C’est toujours avec une grande impatience que nous partons assister aux soirées de l’Impetus Festival, qui, à chaque édition, comble les attentes des férus de musiques divergentes et hybrides. Après une première soirée dans une Poudrière prête à exploser sous la noise de Metz, c’est au tour du Moloco de voir rouge avec le heavy metal de High on Fire et la messe noire de Zeal and Ardor.
Mais avant ces deux formations, place au groupe local Féroce qui ouvre la soirée avec son post-rock drama aux samples cinématographiques. Leur credo “personne ne chante, personne ne danse” s’applique à la fois dans la gravité avec laquelle les morceaux s’égrènent, ainsi que dans la réticence à s’emparer des micros, ne serait-ce que pour donner de la voix et présenter les titres. Parmi ceux-ci, Même de ça tu n’as pas le courage ou Je ne veux pas mourir avant d’être morte sur lequel le set se clôt.
Clou de la soirée pour les aficionados ayant suivi l’évolution du projet, découverte incroyable pour les novices, Zeal and Ardor marque forcément les esprits sans pouvoir passer inaperçu. Pour recontextualiser le projet, on mentionnera que celui-ci démarre sur 4Chan, un forum en ligne sur lequel Manuel Gagneux, en manque d’inspiration, demande aux autres internautes de lui imposer des challenges de composition en trente minutes à partir de différents genres musicaux. Le black métal et le negro spiritual sont cités, les dés lancés, la course contre la montre entamée. Quelque temps plus tard, c’est un énorme succès et un album acclamé qui en résultent, ainsi qu’une configuration de scène puissante : Manuel Gagneux à la voix/guitare, entouré de deux choristes, un bassiste, un autre guitariste, ainsi qu’un batteur en fond de scène. Tous ont des personnalités tranchées et démarquées. Encapuchonnés pour ouvrir la célébration, les six silhouettes se montrent à visage découvert pour attaquer Come on Down et tous les titres du (trop court) album Devil is Fine, ainsi qu’un nouveau morceau plus brusque. Inutile de mentionner que le Graveddigger’s Chant prend une ampleur incroyable. Gospel pâtiné de chants grégoriens, parenthèses électroniques (l’introduction épileptique de Sacrilegium I) sciées de riffs : Zeal and Ardor nous a conviés à sa messe furieuse et orageuse.

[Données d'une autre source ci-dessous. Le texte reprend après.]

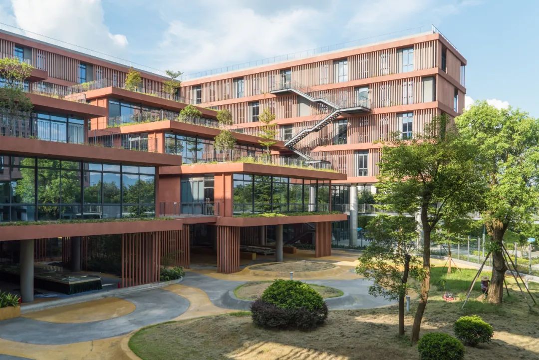 合理采用屋顶绿化方式,绿化物种选择适宜当地气候和土壤条件的乡土植物,且采用包含乔、灌木的复层绿化。室外绿化选用了樟树、红继木、美丽异木棉、花叶良姜、鸭脚木、银叶金合欢、鸡蛋花、银边兰、花叶女贞、彩虹朱蕉、散尾葵、台湾草等绿化。
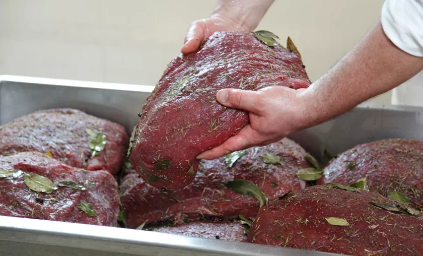Für die Herstellung von Carne Salada wird nur äußerst hochwertiges und mageres Rindfleisch verwendet, welches am Stück mit Salz, Lorbeer, Schwarzem Pfeffer, Wacholderbeeren, zerdrückten Knoblauchzehen und Rosmarin gewürzt wird – dabei gibt es übrigens auch zahlreiche Geheimrezepturen, die als Familiengeheimnis gehütet werden. Einst wurde das Fleisch in Behältern aus Holz oder Stein aufbewahrt, heute lagert es hingegen in Edelstahlbehältern – erst nach 25 Tagen ist es dann genussbereit.
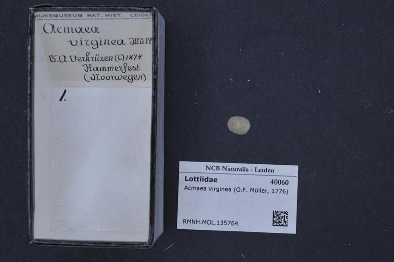 | Keywords: Naturalis Biodiversity Center - RMNH.MOL.135764 - Tectura virginea (Müller, 1776) - Lottiidae - Mollusc shell.jpeg artwork Dimensions artwork Document type Lottiidae Tectura Individual count Infraspecific epithet Infraspecific rank Institution Naturalis Kind of unit artwork Kind of unit specimen shell Life stage Medium artwork Nomenclatural code Source institute Leiden Scale the width of the text on the species/QR-code label is 38 mm Occurrence ID page Other fields Other versions artwork Permission license Naturalis donation CC-0 Mollusca Publication location Scientific name Tectura virginea Müller 1776 Scientific name authorship Müller 1776 Source url http //bioportal naturalis nl Specific epithet virginea State or province Subject keywords artwork Subject keywords publication Title artwork Title publication Type status Uploaded with GWToolset Naturalis_Biodiversity_Center_-_RMNH MOL 135764_-_Tectura_virginea_ Müller _1776 _-_Lottiidae_-_Mollusc_shell http //medialib naturalis nl/file/id/RMNH MOL 135764/format/large Molluscs at Naturalis from the Rijksmuseum van Natuurlijke Historie Media donated by Naturalis Biodiversity Center Tectura virginea |
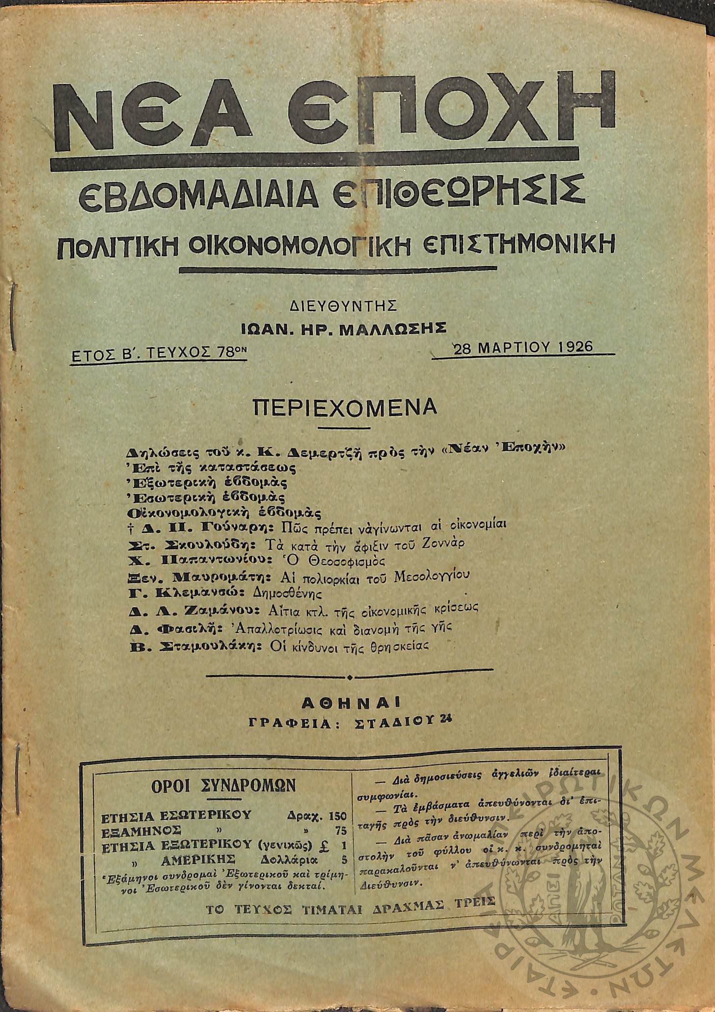 Νέα εποχή: εβδομαδιαία επιθεώρησις πολιτική, οικονομολογική, επιστημονική (τεύχ. 78)Έτος Β΄, τεύχ. 78...
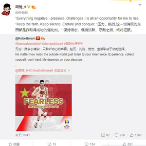 科比发文勉励周琦 周琦回复:保持信念 终将征服
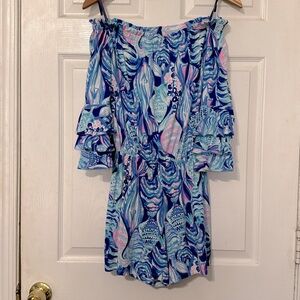 Lilly Pulitzer Calla Off-Shoulder Romper Pink Blue Tropical Print
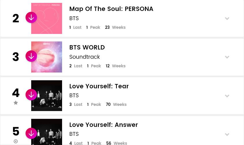 Dù không đứng nhất tuần này nhưng BTS vẫn gây ấn tượng khi chiếm trọn 4 vị trí còn lại trong top 5. Các thứ hạng từ top 2 đến 5 lần lượt là Map Of The Soul: Persona, BTS World, Love Yourself: Tear, Love Yourself: Answer.
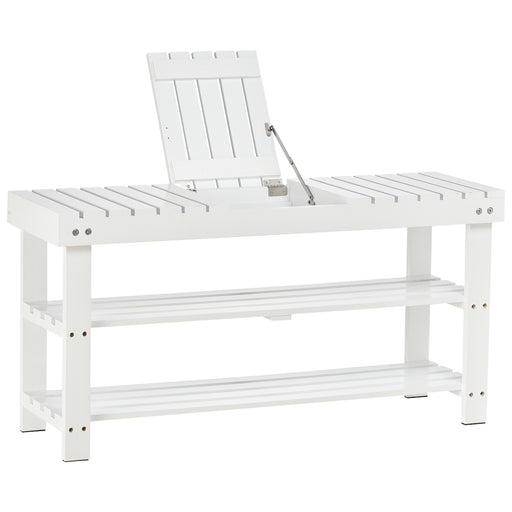 View full details3-Tier Shoe Bench with Hidden Compartment - Wooden Shoe Rack with Slatted Shelves for Home Organization - Space-Saving Hallway Furniture in White
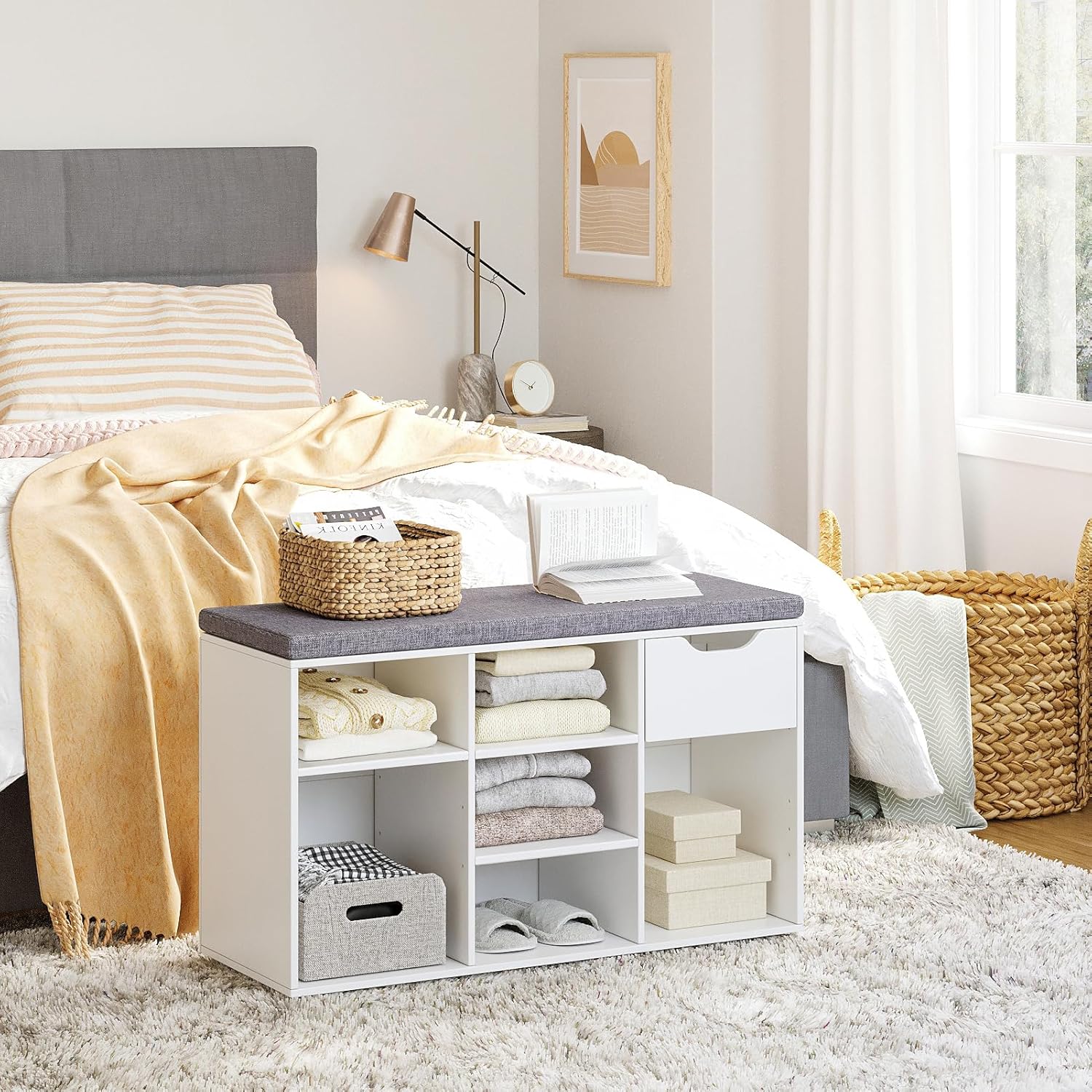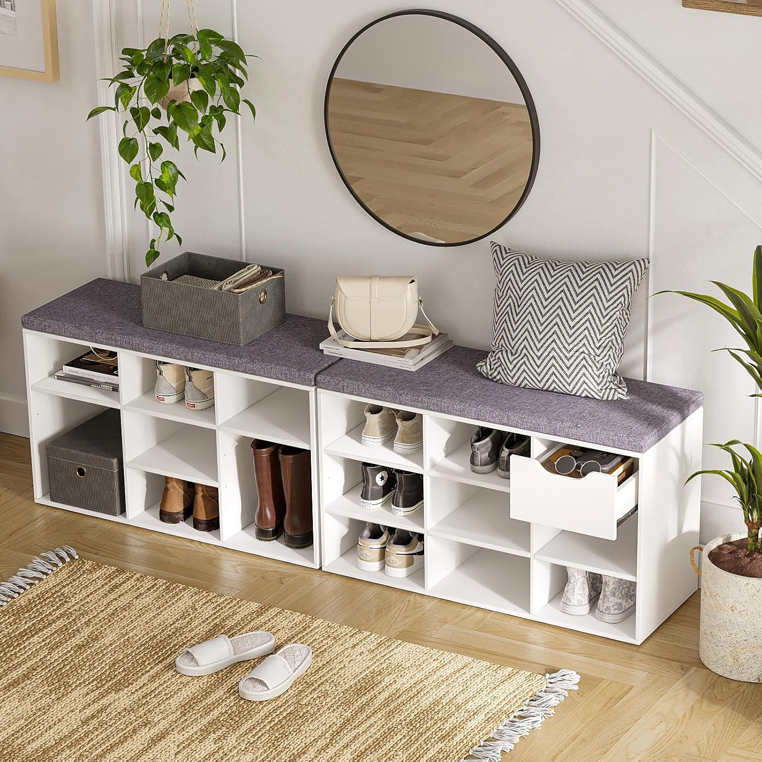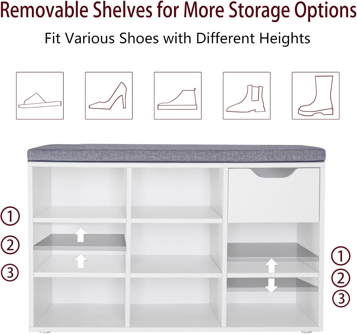 - 【Multi-purpose Shoe Bench】Hide your keys, wallet, gloves, sunglasses, flashlight and dog leash in the small drawer. Everything is easy to reach before going out. 8 cubbies are available for 6-8 pairs of shoes. To be entryway bench, window seat and bed-end stool for entry porch, front door, living room, bedroom
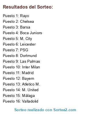 Lista de participantes: M. United, Valladolid, Bayern, Rayo, Boca Juniors, Dortmund, Inter Milan, Atletico M., Las Palmas, PSG, Barsa, Chelsea, Madrid, M. City, Leicester, Málaga.
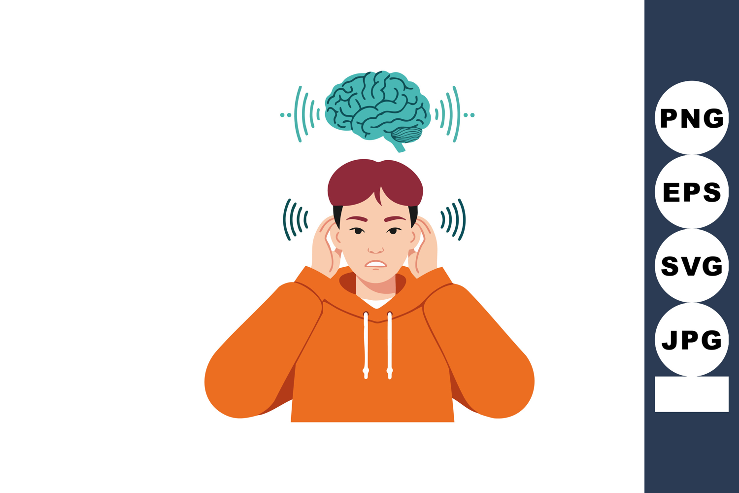 Illustration shows a young man holding his ears with a floating brain symbolizing stress or headache, depicting cognitive pressure and mental health concern. Serious mood.
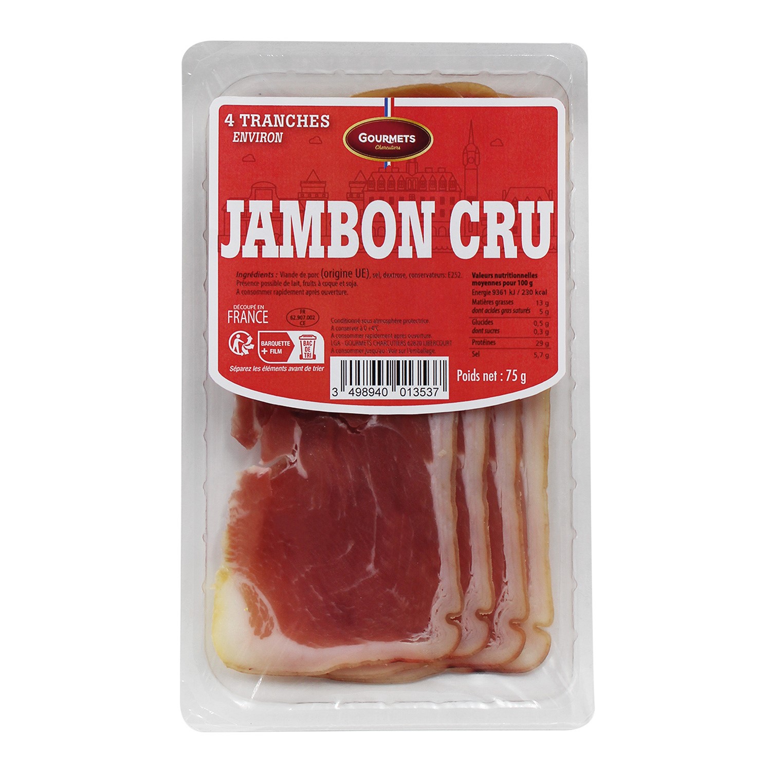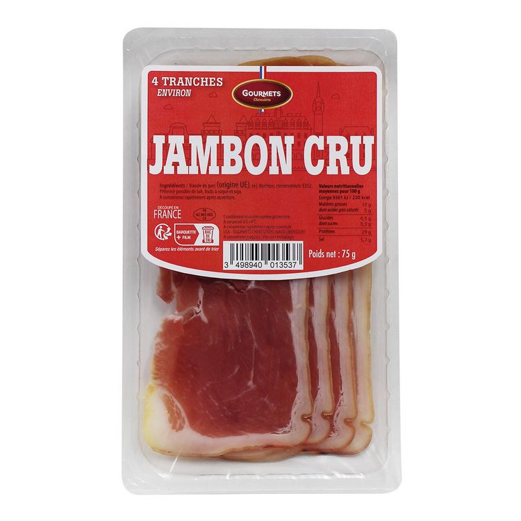 Délicieuses tranches de jambon cru affiné minimum 5 mois, pour vos plateaux charcuteries, vos sandwichs ...
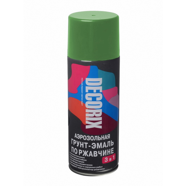 Аэрозольная грунт-эмаль по ржавчине 3в1 DECORIX, 520мл, зелёный *12
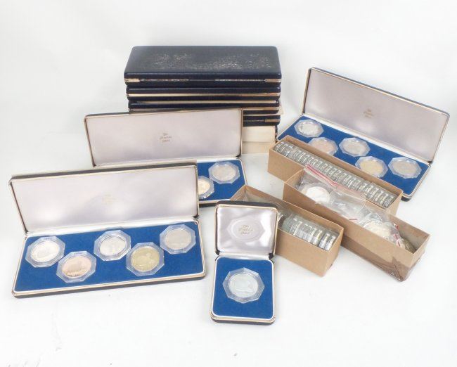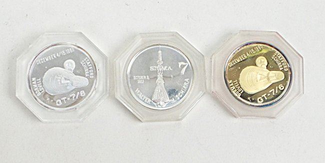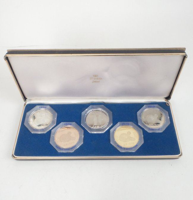 [NASA Space Exploration] Gemini 6 & Gemini 7, Franklin Mint / Spacecraft Medals Inc. commemorative medals. Issued for the first space rendezvous that occurred on Dec. 15, 1965 between the Gemini VI and Gemini VII. All medals bear both crews' names: Stafford, Schirra, Borman, and Lovell. Comprises nine complete proof sets of five medals each, over sixty silver-plated medals, and one sterling silver medal. All measure 38mm. Most in proof condition with some toning. Over 100 medals total.
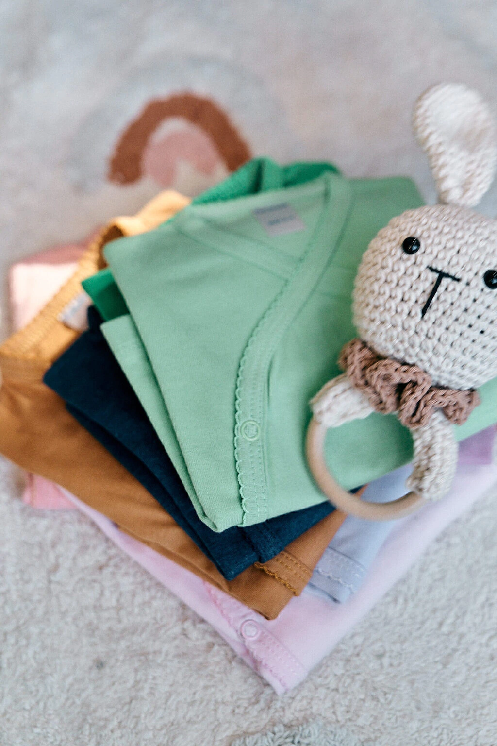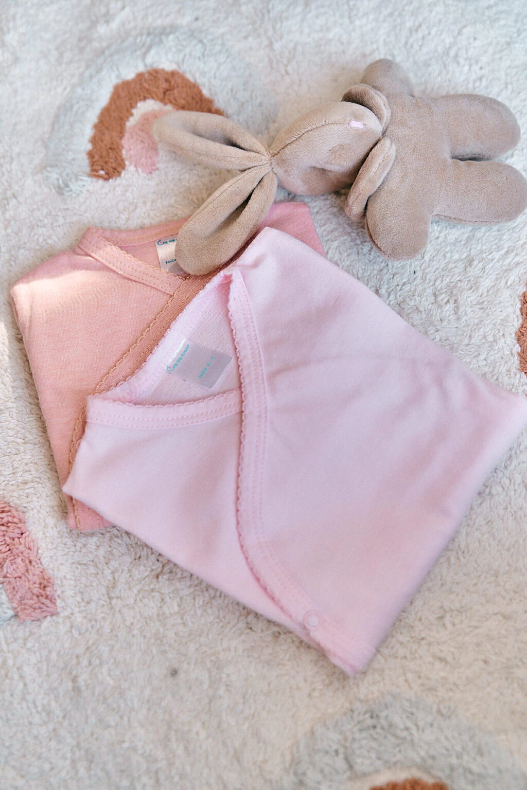 Cuidados: lavar a mano con jabón específico para bebés con ph neutro para cuidar la prenda y la piel del bebé.

Après ce set frissonnant et revigorant (de quoi se convaincre que l’innovation est encore possible en 2018), l’attente des flammes de High on Fire laisse entrevoir des montées de décibels qui nous rappellent bel et bien que nous sommes au coeur des impétuosités. Le concert sera dans le rouge, à l’image de celui du Metz le soir précédent. Saturation, technique imparable et parfaite : les trois musiciens représentent cette scène alternative américaine toujours vivace et hargneuse, qui fête ses vingt ans cette année, et c’est un privilège que nous offre le festival Impetus de pouvoir assister à la célébration.